Transcribe word for word the section of the records below that opens with the line containing "金曜日の1時間目が始まる前の" and closes with the line containing "Ein zweiter Zahltag"; drop every picture.
** Provided data follows **
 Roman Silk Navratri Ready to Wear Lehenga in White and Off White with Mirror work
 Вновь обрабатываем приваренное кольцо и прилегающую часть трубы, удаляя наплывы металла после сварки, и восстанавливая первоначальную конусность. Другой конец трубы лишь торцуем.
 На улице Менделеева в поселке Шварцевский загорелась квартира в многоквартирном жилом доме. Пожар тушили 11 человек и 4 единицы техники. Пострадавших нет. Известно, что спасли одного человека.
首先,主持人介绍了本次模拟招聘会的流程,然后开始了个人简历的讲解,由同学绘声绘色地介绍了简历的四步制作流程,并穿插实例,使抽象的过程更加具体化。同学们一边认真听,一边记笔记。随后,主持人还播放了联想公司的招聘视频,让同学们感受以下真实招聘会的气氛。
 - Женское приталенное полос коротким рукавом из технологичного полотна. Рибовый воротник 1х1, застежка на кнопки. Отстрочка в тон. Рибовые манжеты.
** End of Provided data **
** Provided data follows **
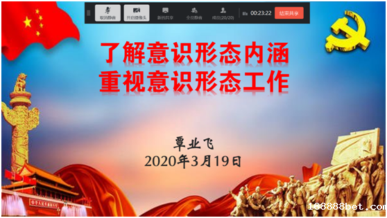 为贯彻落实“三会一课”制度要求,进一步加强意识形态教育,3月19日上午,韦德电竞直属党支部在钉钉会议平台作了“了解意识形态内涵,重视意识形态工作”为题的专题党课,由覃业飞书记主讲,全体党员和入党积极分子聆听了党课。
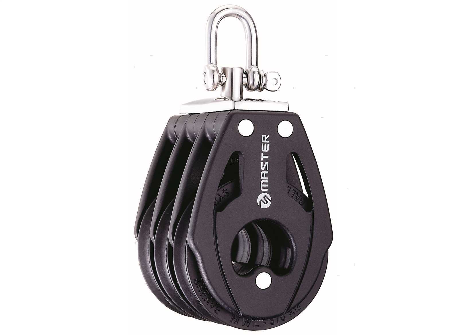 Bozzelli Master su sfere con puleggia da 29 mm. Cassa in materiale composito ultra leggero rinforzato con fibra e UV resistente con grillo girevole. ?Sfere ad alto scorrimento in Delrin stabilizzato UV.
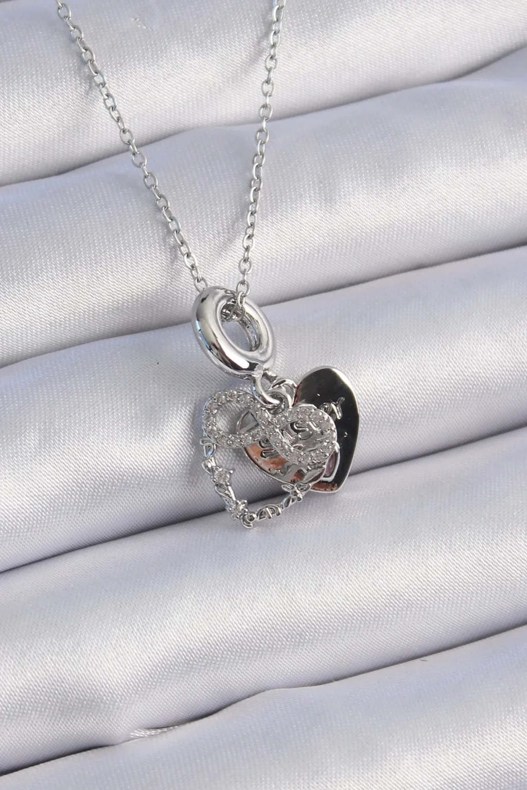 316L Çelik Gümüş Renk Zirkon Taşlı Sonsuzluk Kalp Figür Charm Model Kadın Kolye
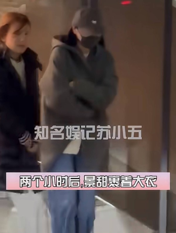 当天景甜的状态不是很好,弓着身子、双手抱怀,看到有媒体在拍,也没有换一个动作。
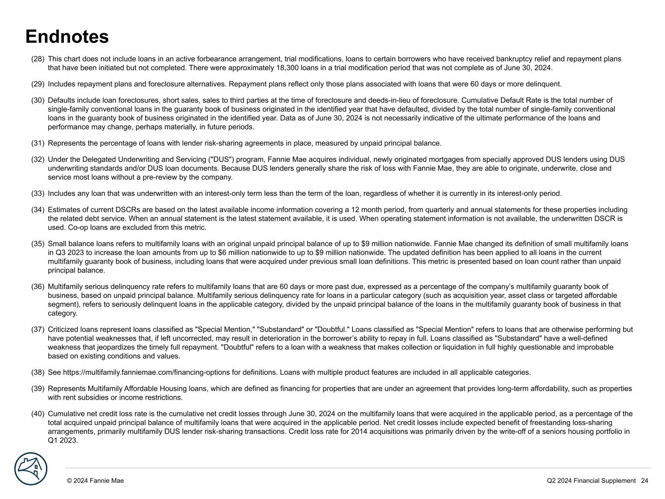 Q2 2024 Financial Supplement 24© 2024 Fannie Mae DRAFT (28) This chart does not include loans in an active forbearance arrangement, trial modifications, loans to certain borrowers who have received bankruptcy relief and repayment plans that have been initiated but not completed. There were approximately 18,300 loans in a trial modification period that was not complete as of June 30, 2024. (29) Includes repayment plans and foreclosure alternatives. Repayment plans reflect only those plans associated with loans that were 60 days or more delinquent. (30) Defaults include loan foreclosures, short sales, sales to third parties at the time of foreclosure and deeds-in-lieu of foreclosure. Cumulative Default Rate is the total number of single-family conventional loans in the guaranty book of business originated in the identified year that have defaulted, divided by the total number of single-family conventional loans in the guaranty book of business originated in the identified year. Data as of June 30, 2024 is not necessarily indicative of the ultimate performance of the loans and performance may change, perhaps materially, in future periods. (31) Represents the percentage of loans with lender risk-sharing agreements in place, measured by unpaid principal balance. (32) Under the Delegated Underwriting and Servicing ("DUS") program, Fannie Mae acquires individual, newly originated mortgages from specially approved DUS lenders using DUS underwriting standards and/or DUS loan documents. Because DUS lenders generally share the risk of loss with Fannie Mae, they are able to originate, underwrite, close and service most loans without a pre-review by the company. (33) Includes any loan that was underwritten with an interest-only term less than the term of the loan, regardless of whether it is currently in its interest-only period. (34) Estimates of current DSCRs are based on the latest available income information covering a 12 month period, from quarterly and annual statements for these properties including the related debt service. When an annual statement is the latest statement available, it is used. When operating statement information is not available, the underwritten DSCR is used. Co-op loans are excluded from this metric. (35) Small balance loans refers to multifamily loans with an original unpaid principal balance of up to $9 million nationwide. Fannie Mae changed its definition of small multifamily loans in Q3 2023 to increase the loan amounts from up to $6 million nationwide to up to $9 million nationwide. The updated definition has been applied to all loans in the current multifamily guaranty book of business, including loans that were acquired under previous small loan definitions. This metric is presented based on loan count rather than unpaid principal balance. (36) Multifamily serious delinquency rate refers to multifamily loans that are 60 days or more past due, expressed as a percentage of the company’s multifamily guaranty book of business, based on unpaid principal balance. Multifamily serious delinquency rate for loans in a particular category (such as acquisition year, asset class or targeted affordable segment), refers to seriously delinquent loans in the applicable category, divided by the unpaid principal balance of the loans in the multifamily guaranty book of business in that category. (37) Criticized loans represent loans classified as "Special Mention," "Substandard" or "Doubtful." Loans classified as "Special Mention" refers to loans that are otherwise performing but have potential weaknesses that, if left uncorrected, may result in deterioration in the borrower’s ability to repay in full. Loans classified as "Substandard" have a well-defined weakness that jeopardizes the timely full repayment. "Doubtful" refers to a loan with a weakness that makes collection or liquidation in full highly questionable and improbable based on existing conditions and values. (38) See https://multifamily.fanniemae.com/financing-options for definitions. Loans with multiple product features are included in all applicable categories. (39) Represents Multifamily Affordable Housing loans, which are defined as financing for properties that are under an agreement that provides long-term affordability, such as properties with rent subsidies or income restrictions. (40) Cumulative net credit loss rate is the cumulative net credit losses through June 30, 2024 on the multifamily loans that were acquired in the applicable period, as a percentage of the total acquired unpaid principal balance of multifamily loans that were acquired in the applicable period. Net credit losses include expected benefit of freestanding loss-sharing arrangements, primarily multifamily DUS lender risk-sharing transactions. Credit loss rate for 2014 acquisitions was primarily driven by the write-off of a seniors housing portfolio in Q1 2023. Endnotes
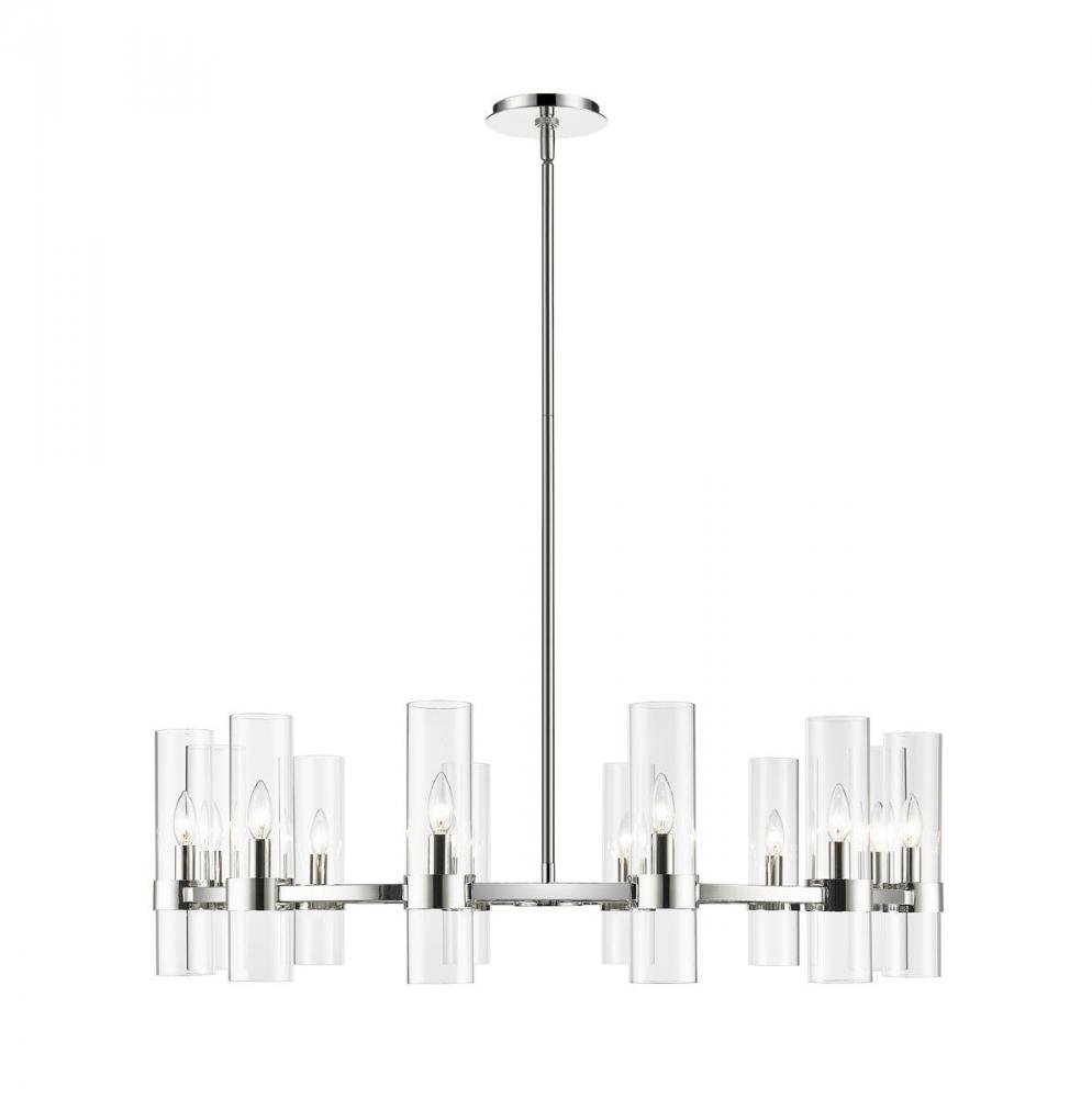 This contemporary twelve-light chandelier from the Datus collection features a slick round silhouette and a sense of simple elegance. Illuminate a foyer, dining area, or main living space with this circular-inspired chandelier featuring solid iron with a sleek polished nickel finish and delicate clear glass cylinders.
** End of Provided data **
** Provided data follows **
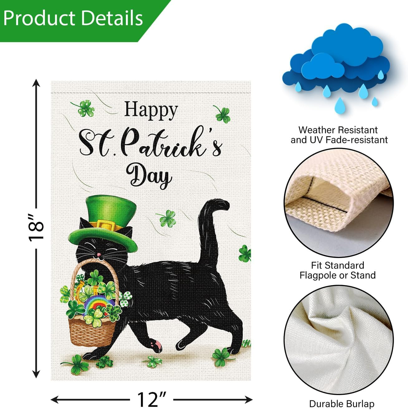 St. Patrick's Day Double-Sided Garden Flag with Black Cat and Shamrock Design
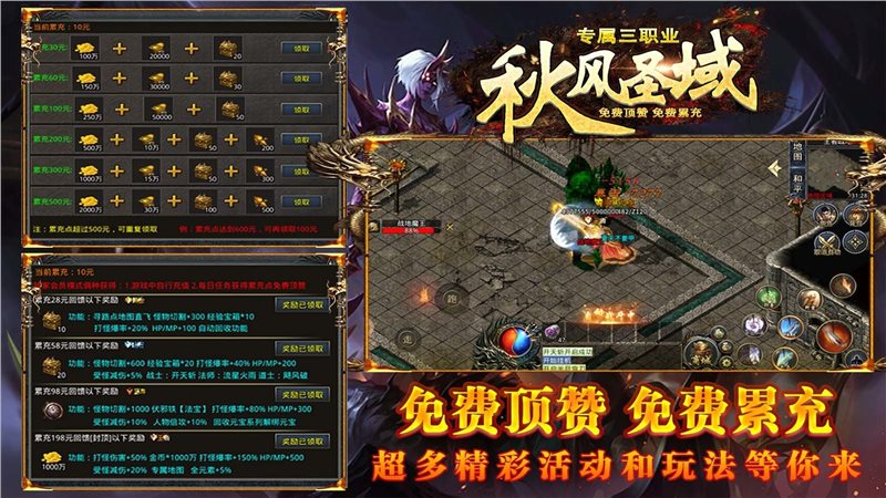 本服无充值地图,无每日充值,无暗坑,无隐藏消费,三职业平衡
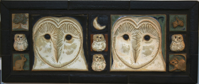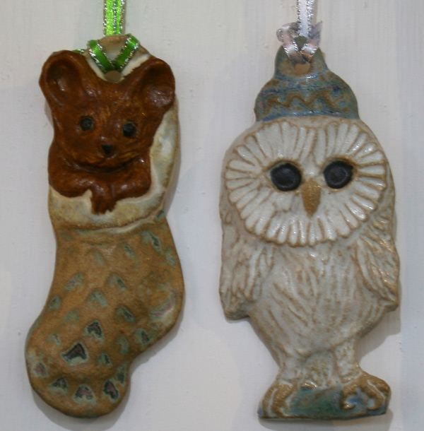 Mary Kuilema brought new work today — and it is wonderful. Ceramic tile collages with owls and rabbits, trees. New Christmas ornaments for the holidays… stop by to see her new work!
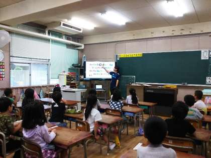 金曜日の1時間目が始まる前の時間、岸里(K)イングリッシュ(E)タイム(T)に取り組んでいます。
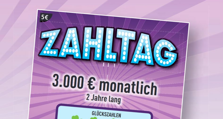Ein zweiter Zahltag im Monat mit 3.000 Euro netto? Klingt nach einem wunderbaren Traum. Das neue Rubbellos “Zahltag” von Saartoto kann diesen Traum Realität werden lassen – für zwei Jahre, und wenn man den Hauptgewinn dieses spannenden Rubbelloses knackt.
** End of Provided data **
## Completed exercise
 金曜日の1時間目が始まる前の時間、岸里(K)イングリッシュ(E)タイム(T)に取り組んでいます。
Ein zweiter Zahltag im Monat mit 3.000 Euro netto? Klingt nach einem wunderbaren Traum. Das neue Rubbellos “Zahltag” von Saartoto kann diesen Traum Realität werden lassen – für zwei Jahre, und wenn man den Hauptgewinn dieses spannenden Rubbelloses knackt.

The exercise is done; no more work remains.